▶ What needs to be done:
Instruction for the data below: set down exactly the lines from the line with "Assignment in the" to the line with "This is adapted", inclusive, and no others.

▶ Supplied records:
####################

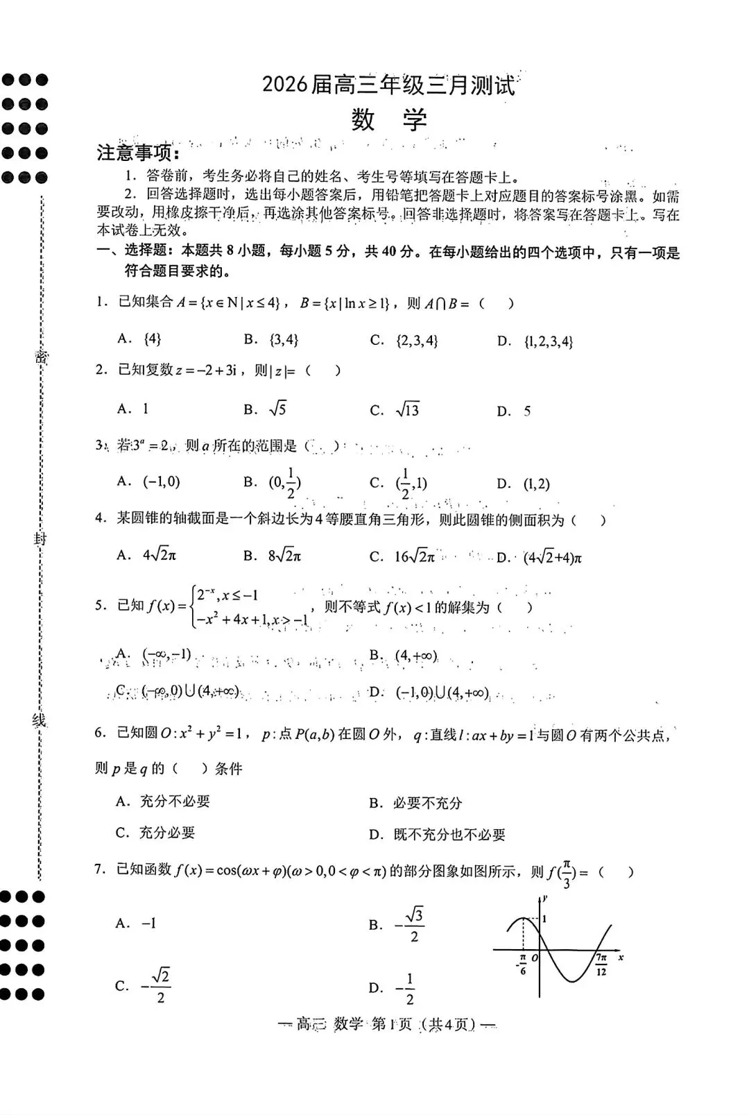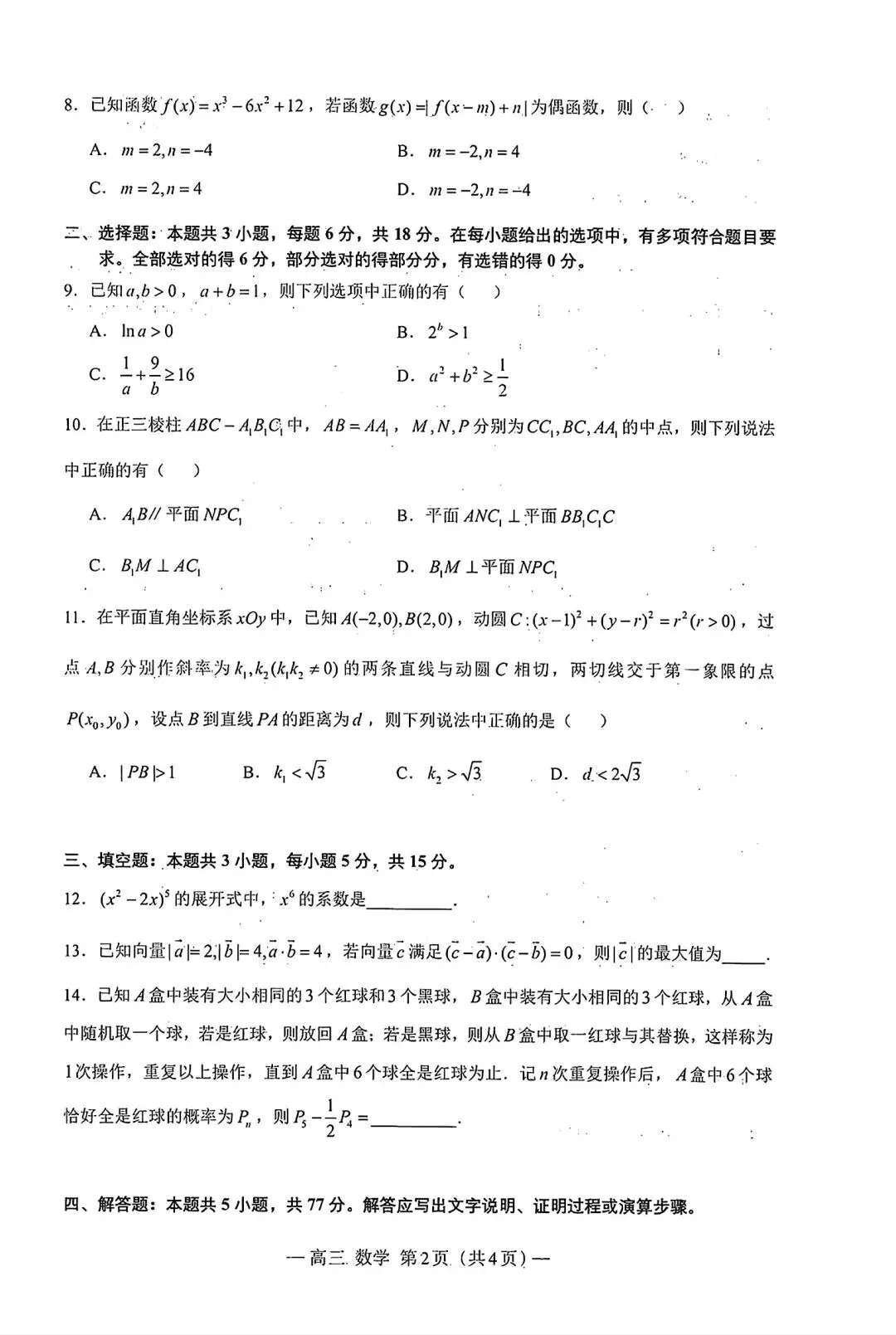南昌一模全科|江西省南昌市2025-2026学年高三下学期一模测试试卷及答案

####################

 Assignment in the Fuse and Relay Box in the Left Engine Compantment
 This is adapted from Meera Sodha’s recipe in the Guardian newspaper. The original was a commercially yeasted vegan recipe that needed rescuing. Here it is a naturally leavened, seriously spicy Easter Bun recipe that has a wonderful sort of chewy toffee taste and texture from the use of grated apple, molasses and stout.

####################

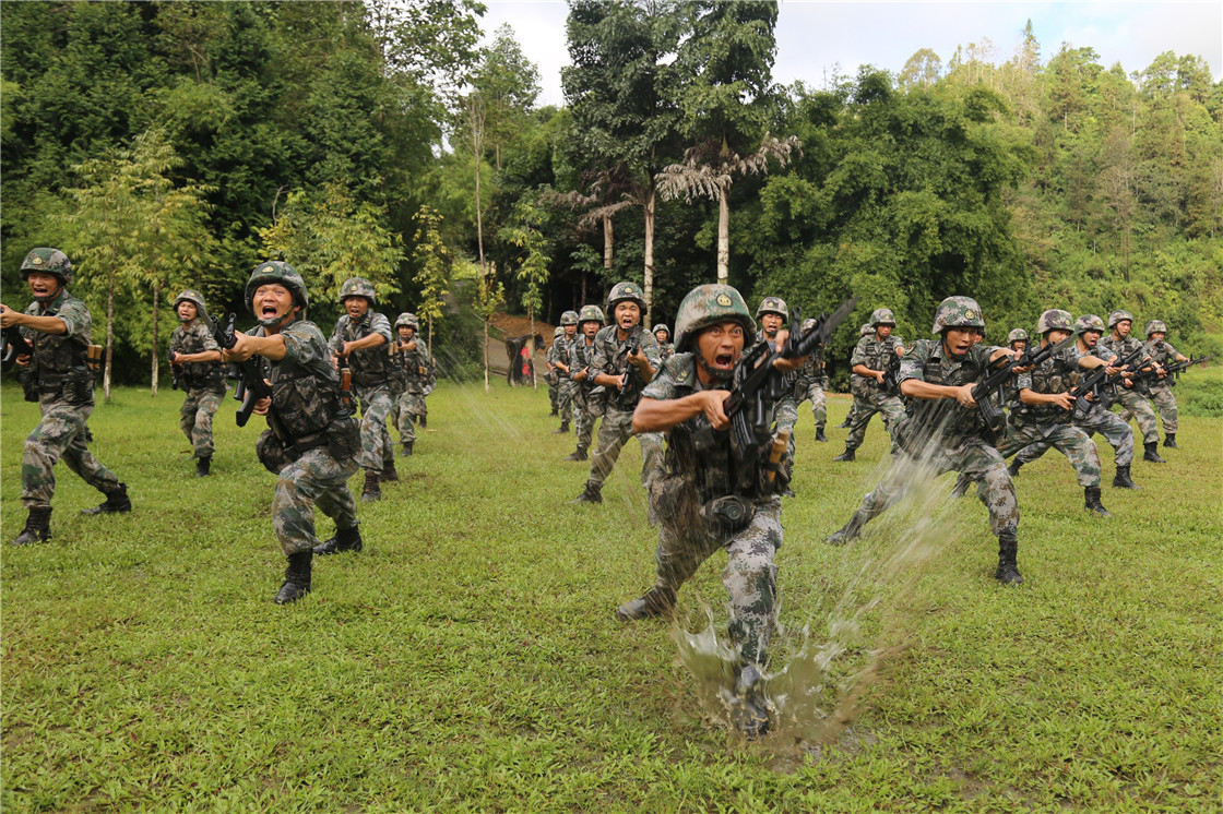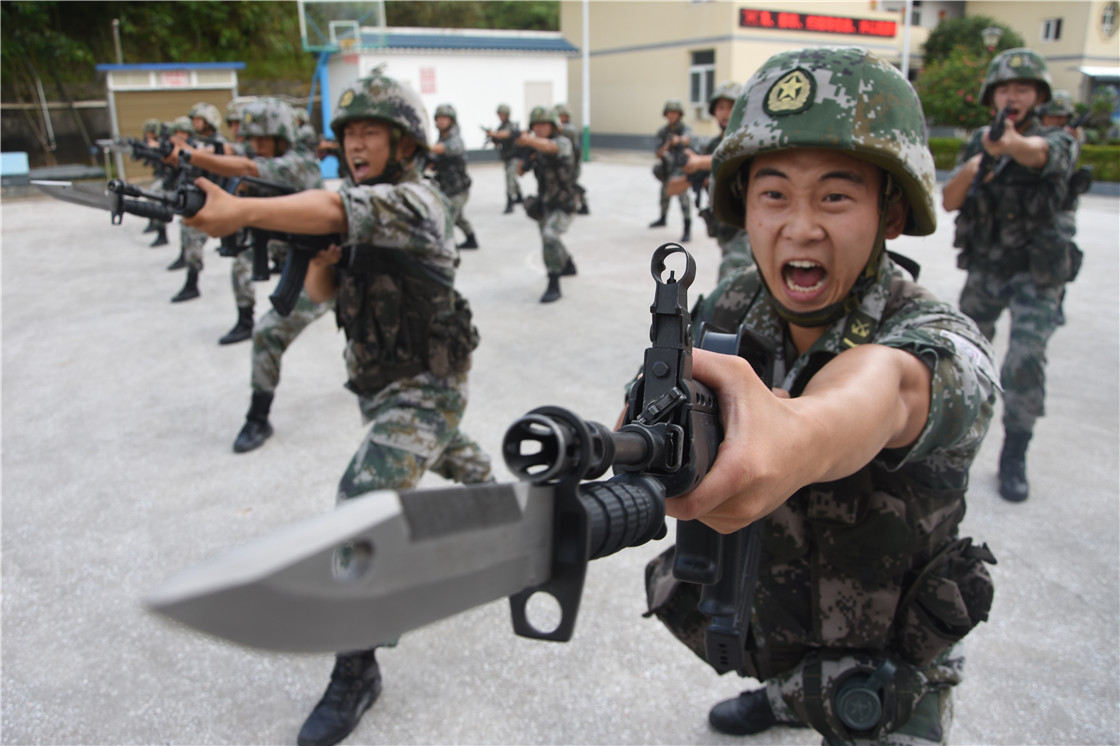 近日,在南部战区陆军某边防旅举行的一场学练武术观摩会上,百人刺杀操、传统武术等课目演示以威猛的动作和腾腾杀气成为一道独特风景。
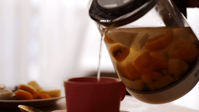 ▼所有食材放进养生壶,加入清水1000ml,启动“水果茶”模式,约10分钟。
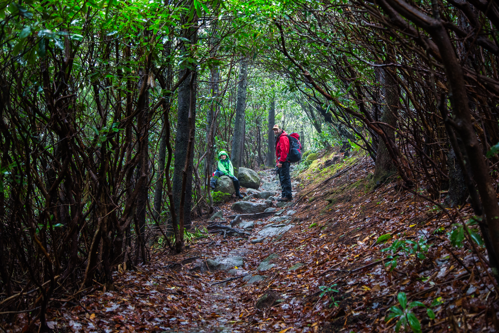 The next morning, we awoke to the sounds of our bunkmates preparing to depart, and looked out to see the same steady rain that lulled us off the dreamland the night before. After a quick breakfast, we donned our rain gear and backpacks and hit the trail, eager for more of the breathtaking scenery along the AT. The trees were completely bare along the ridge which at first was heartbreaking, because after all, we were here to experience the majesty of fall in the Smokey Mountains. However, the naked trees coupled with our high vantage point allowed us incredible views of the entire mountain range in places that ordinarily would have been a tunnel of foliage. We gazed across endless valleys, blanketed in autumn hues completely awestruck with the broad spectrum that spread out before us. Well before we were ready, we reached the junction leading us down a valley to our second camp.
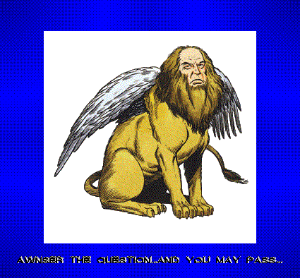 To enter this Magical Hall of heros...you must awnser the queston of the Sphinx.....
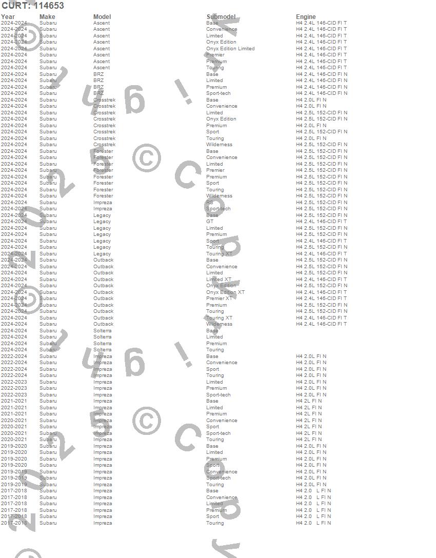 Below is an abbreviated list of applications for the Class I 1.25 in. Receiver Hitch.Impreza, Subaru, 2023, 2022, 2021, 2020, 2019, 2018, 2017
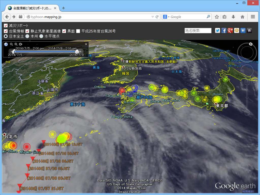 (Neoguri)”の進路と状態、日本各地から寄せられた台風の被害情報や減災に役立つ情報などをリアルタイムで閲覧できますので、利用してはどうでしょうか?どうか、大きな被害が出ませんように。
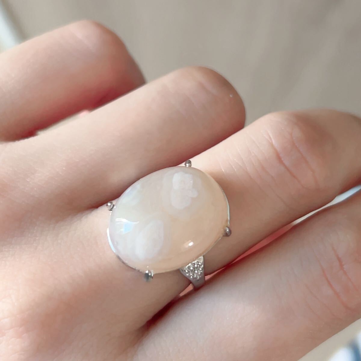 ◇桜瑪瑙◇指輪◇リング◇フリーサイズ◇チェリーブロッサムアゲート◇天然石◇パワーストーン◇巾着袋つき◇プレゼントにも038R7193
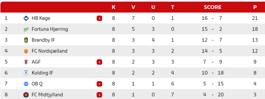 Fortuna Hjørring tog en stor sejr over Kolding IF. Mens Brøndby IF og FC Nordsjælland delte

####################

▶ Task answer:
 Assignment in the Fuse and Relay Box in the Left Engine Compantment
 This is adapted from Meera Sodha’s recipe in the Guardian newspaper. The original was a commercially yeasted vegan recipe that needed rescuing. Here it is a naturally leavened, seriously spicy Easter Bun recipe that has a wonderful sort of chewy toffee taste and texture from the use of grated apple, molasses and stout.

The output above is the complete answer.